A number of studies have shown that lncRNA and miRNA can regulate each other and participate in the occurrence and development of a variety of diseases by forming a complex molecular regulatory network (28,29). The results of the present study demonstrate that GAS5 targets miR-23a-3p and negatively regulate its expression, and that miR-23a-3p and TLR4 antagonistically regulate the inflammatory response induced by sepsis. Experiments in which the GAS5 knockdown plasmid and TLR4 overexpression plasmid were cotransfected into THP-1 cells demonstrated that TLR4 overexpression attenuated the reductions in inflammatory cytokine levels and apoptosis caused by GAS5 knockdown. Together, these results indicate that GAS5 promotes sepsis-induced inflammation and apoptosis by negatively regulating miR-23a-3p and thereby increasing the expression of TLR4.

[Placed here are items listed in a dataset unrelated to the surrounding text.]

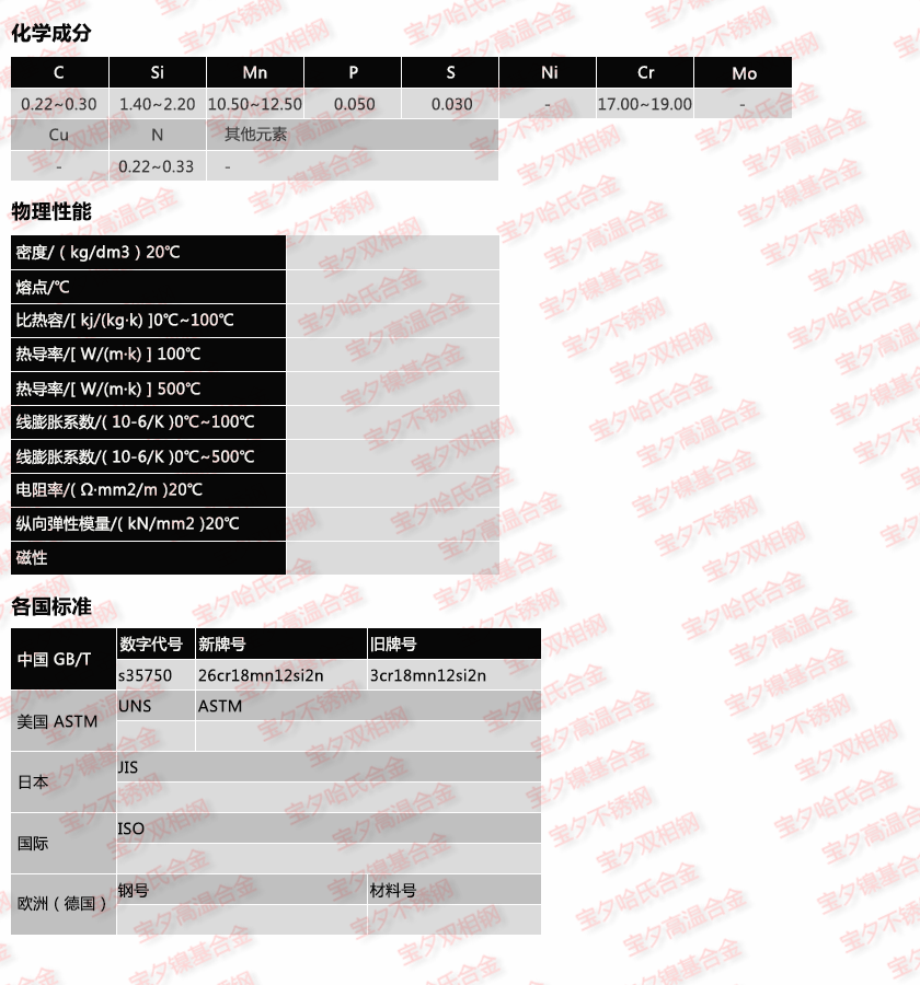 寶鋼26Cr18Mn12Si2N,太鋼26Cr18Mn12Si2N,新日鐵26Cr18Mn12Si2N,日本冶金26Cr18Mn12Si2N,蒂森克虜伯26Cr18Mn12Si2N,奧托昆普26Cr18Mn12Si2N,日本神戶26Cr18Mn12Si2N
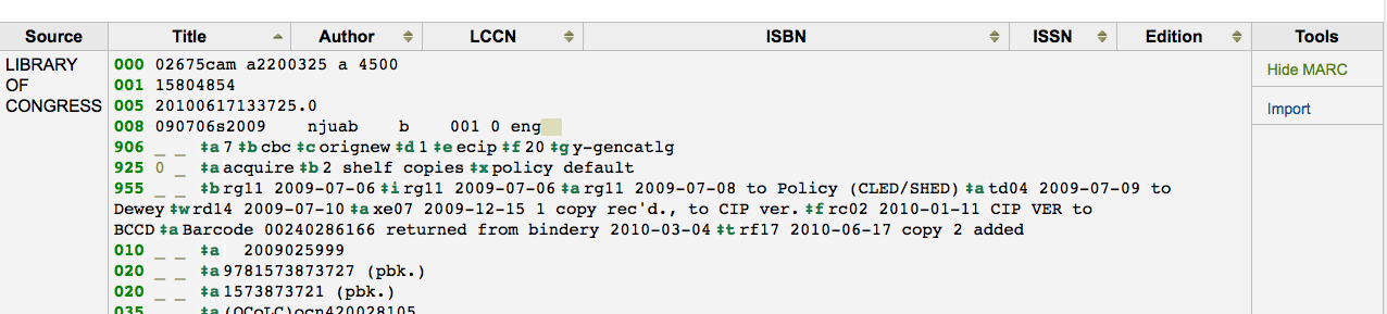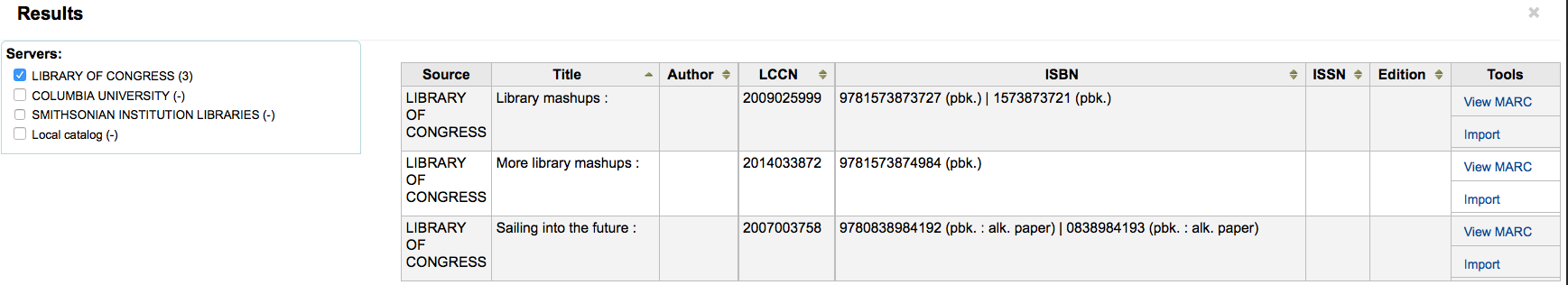 And from those Z39.50 results you can view the marc record by clicking the link to the right
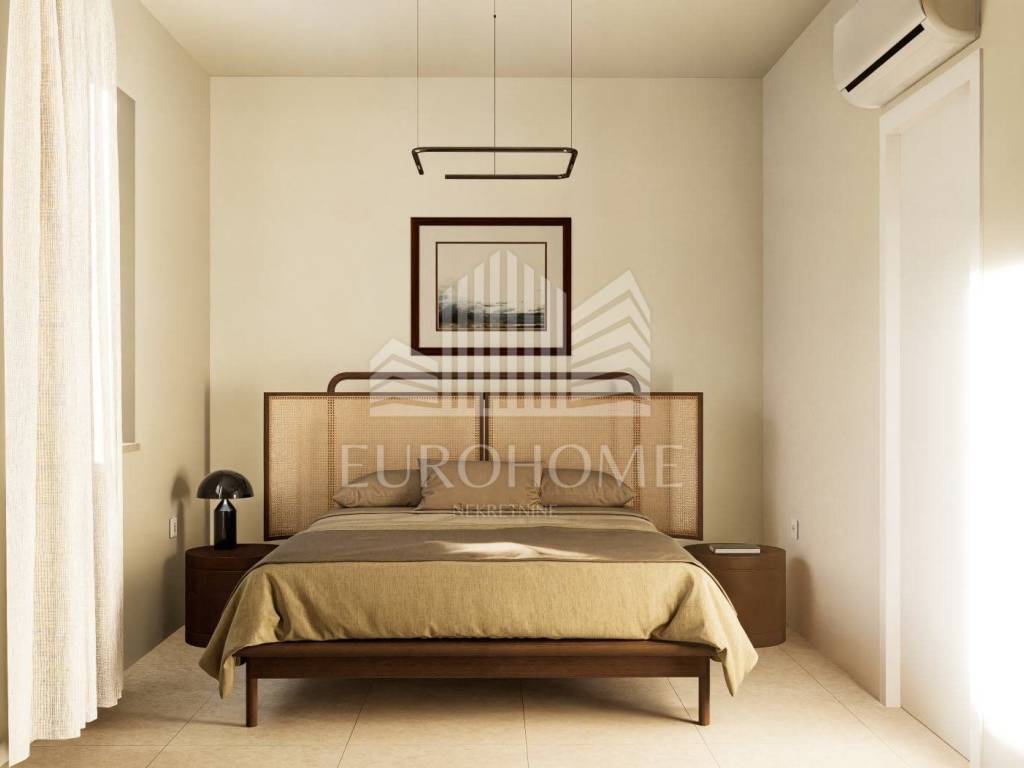 Zgrada je moderno projektirana u mediteranskom stilu, s fasadom djelomično obloženom kamenom. Nalazi se na mirnoj i atraktivnoj lokaciji, 200 metara od plaže te u neposrednoj blizini trgovine, kafića i restorana. Stan ima orijentaciju sjeverozapad – jugoistok, što osigurava optimalno prirodno osvjetljenje tijekom dana.
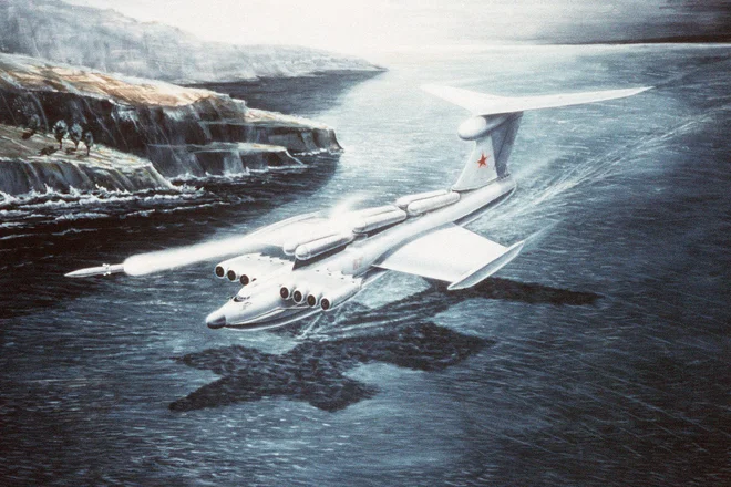 В морском бою XX века идеальная тактика выглядела так: первым обнаружить врага, подойти на дистанцию пуска, выпустить ракеты и быстро уйти. В этой концепции экранопланы выглядели многообещающе. Они используют ‘эффект экрана’ — когда самолёт летит в нескольких метрах от поверхности, поток воздуха создаёт дополнительную подъёмную силу. Это позволяет сделать крыло меньшей площади, а значит — поднять больше груза. Гибрид самолёта и корабля, который передвигается только над водой (потому что она ровная и предсказуемая).
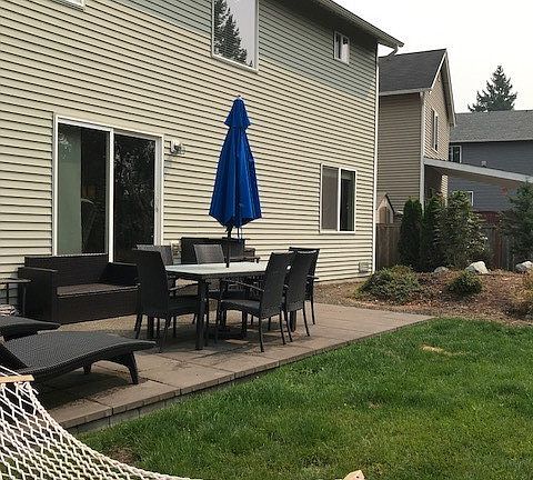 Beautiful 2,512 SF home with living room, family room and a flex room! Newer flooring! Master suite with 5 piece bath and walk-in closet. Kitchen with upgraded stainless appliances, beautiful cabinets with pullouts and granite countertops. This home is equipped with a sprinkler system, alarm system and wired for surround sound. Recently landscaped backyard with fire-pit. Move-in ready! Near shopping and JBLM.
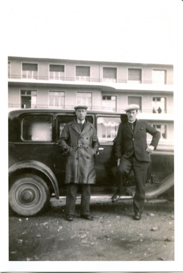 Portrait en noir et blanc de deux hommes portant une casquette, près d'une voiture.
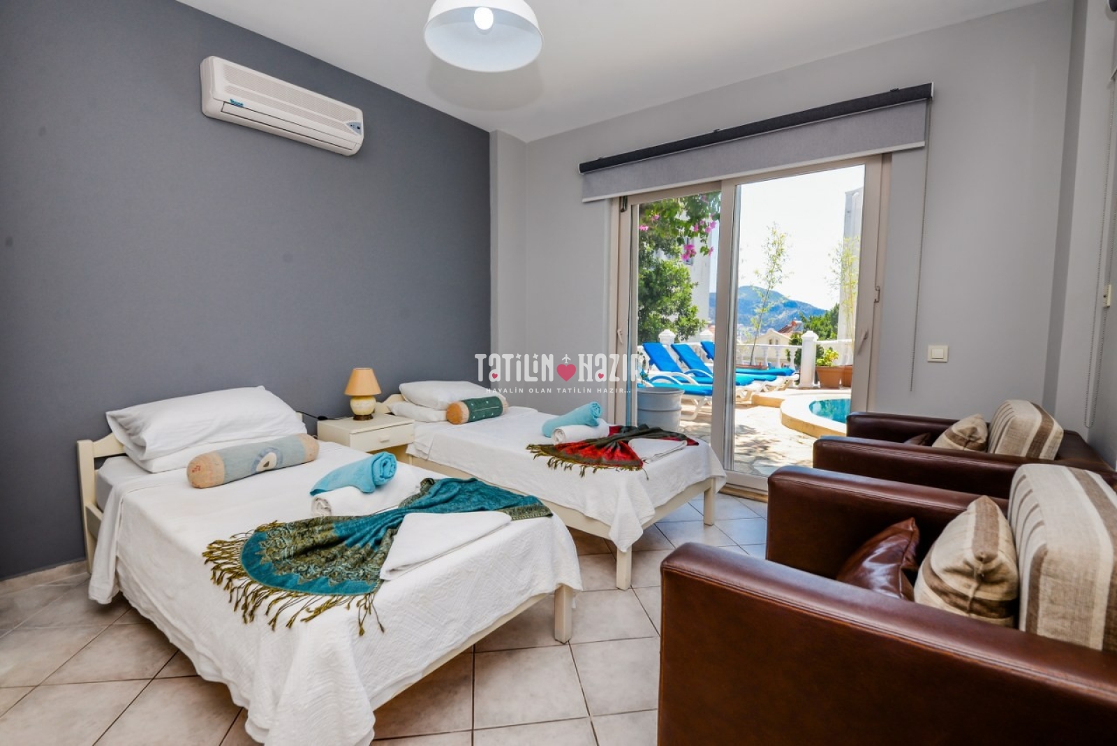 Kaş'ın doğal güzellikleri arasında yer alan bu 4 yatak odalı jakuzili villa, 8 kişilik konaklama kapasitesiyle hem rahat hem de lüks bir tatil fırsatı sunuyor. Özel yüzme havuzunuzda güneşin tadını çıkarabilir, günün yorgunluğunu ana yatak odasında atabilirsiniz. Villa, tam donanımlı bir mutfak, geniş bir oturma alanı ve modern dekorasyonuyla sizi bekliyor.

In summary, the present study demonstrated that GAS5 is upregulated in LPS-treated THP-1 cells and appears to promote the inflammation and apoptosis of LPS-induced THP-1 cells by modulating the miR-23a-3p/TLR4 axis. Moreover, the GAS5/miR-23a-3p/TLR4 axis may become a new potential therapeutic target in the treatment of sepsis. However, there are some limitations to the present study. Firstly, only in vitro experiments were conducted and no in vivo experiments were performed for validation. In future research, animal models and clinical samples may be used to confirm the findings of the present study. Secondly, the mechanisms underlying the roles of lncRNA GAS5 and miR-23a-3p in the progression of sepsis have not been fully investigated. Therefore, these issues require further in-depth study in the future.